📜 ⬆️ ⬇️

FUJITSU against all or Japanese killer RISC servers

Hail Colleagues!

By writing this article, I was encouraged by a conversation with a colleague (a good engineer and a specialist in their field), in which he mentioned that the x86 server market was “exhausted” - all manufacturers copy each other, all servers are the same, and no one offers anything new. At the same time, the market of RISC \ UNIX servers, by virtue of its smaller sizes, also imperceptibly changed for the mass consumer of servers:
• Oracle, c inherited from SUN SPARC systems, relies on the Exa family built on the x86 platform.
• Intel has long ceased to develop the direction of Itanium
• HP prosecuted Oracle to support Itanium Super DOME servers ……
• IBM is proactive in consistently developing the IBM POWER processor family. But still, IBM does not do it as intensely as Intel and doubles its performance every three years. The result is a 4-socket Intel x86 machine with Intel Xeon E7 v2 processors ahead of Oracle 10g in OLTP, similar to the Power750 based on four PowerP7 + by 25-30% ... But for some reason no one throws IBM Power into the trash and runs headlong for x86 servers?

The answer is simple - fault tolerance.
Traditionally, it was the business that grew up to reduce unplanned downtime and minimize data loss and recovery time. RISC \ Unix servers responded to this task, but moving away from the x86 platform required substantial financial injections. The servers themselves were more expensive, had an annual mandatory payment for a subscription to the service (the so-called maintenance), had a closed proprietary architecture (each manufacturer has its own). And another set of applications (for example, MS SQL does not work on RISC machines — you need to migrate to DB2 or Oracle) and the need for specially trained people able to manage and maintain such servers ... All this created difficulties and was reflected in the final budget, and realizing this, many Customers remained on x86.


')
Another way went Fujitsu. Using its many years of experience in designing fault-tolerant servers, the company released its first server in 1958 and delivered the AMDAHL 470V / 6 mainframe in 1978 to the US National Aeronautics and Space Administration (NASA).

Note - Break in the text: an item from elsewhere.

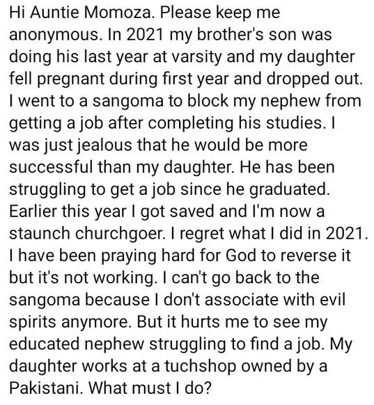 "Earlier this year I got saved and I’m now a staunch churchgoer. I regret what I did in 2021. I have been praying hard for God to reverse it but it’s not working. I can’t go back to the sangoma because I don’t associate with evil spirits anymore.
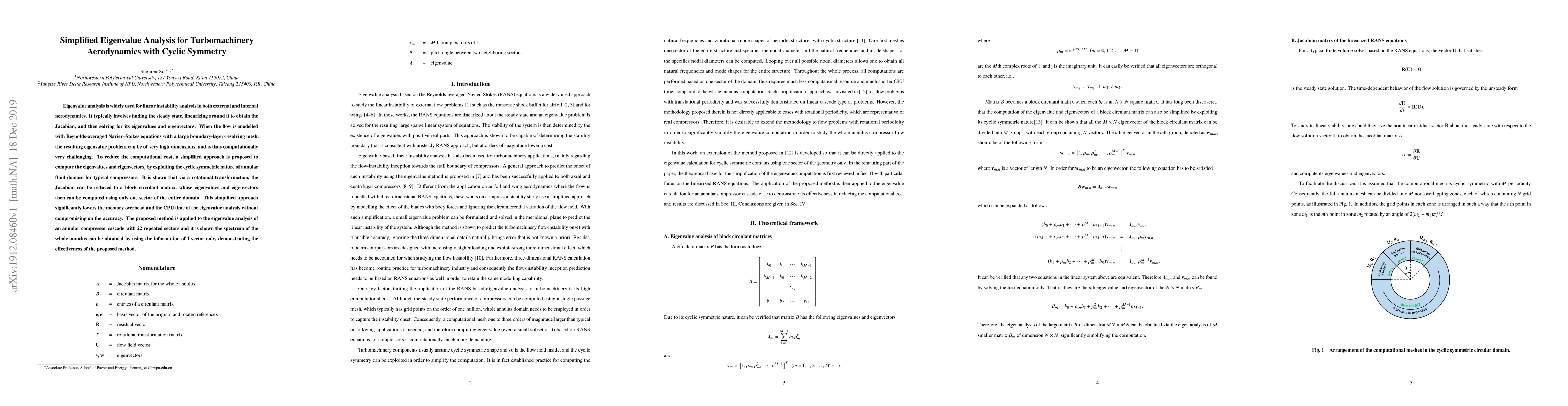 Researchers developed a simplified method to analyze stability in turbomachinery aerodynamics using eigenvalue analysis, reducing computational cost without compromising accuracy, and demonstrated its effectiveness on a 22-sector annular compressor cascade.

In 1995, the company began to produce Sparc64 processors and systems built on these processors.
In 2002, the fastest GS21-600 mainframe was released ...
Later, there were various models on SPARC processors and a family of PRIMEQUEST began to emerge, machines using x86 architecture and meeting all the requirements for fault-tolerant servers (Mission Critical).
The first server, built on the mainframe server templates and including Intel Xeon E7 processors, was called PRIMEQUEST 1000 and was released in 2012.
At the beginning of this year, together with the announcement of the new Intel Xeon E7 v2 processors, PRIMEQUEST 2000 was released.

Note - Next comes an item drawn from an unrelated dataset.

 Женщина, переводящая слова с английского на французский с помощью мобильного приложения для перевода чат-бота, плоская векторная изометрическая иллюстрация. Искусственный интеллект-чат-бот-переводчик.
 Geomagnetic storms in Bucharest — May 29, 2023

What is its main difference from the usual 4-8 socket servers from other manufacturers?


Another internal architecture is perfect, if to say briefly - this is a mainframe with x86 processors. That is, we get x86 processor performance along with new features, such as hardware partitions and the highest resiliency.
In traditional servers, as measures providing fault tolerance:
 ECC in the memory subsystem
 Two hot-swappable power supplies and fans
 Active PCI Slots
For comparison, the capabilities of PRIMEQUEST and the most common RISC \ UNIX machines are summarized in a table. Differences from traditional x86 servers are that hot-swappable motherboards are implemented and this implementation is made better than in modern RISC machines.



Hardware sections allow you to divide the server into several parts, just like modern ESX or Hyper-V virtualization tools do. The main differences are that the hardware-implemented scheme gives complete electrical independence between partitions, does not consume resources, and does not require licenses to create partitions. The software licensing scheme is also changing.
The capabilities of the hardware partitions are visible below:



Now we get fault tolerance implemented inside the server: some hardware problems inside the partition (motherboard output, processor, etc.) do not stop the server or other partitions. Extended partitions allow you to split a specific hardware partition into additional subsections with the allocation of resources with great accuracy.
It can also be used with classic software hypervisors, such as ESX from VMware or Hyper-V from Microsoft.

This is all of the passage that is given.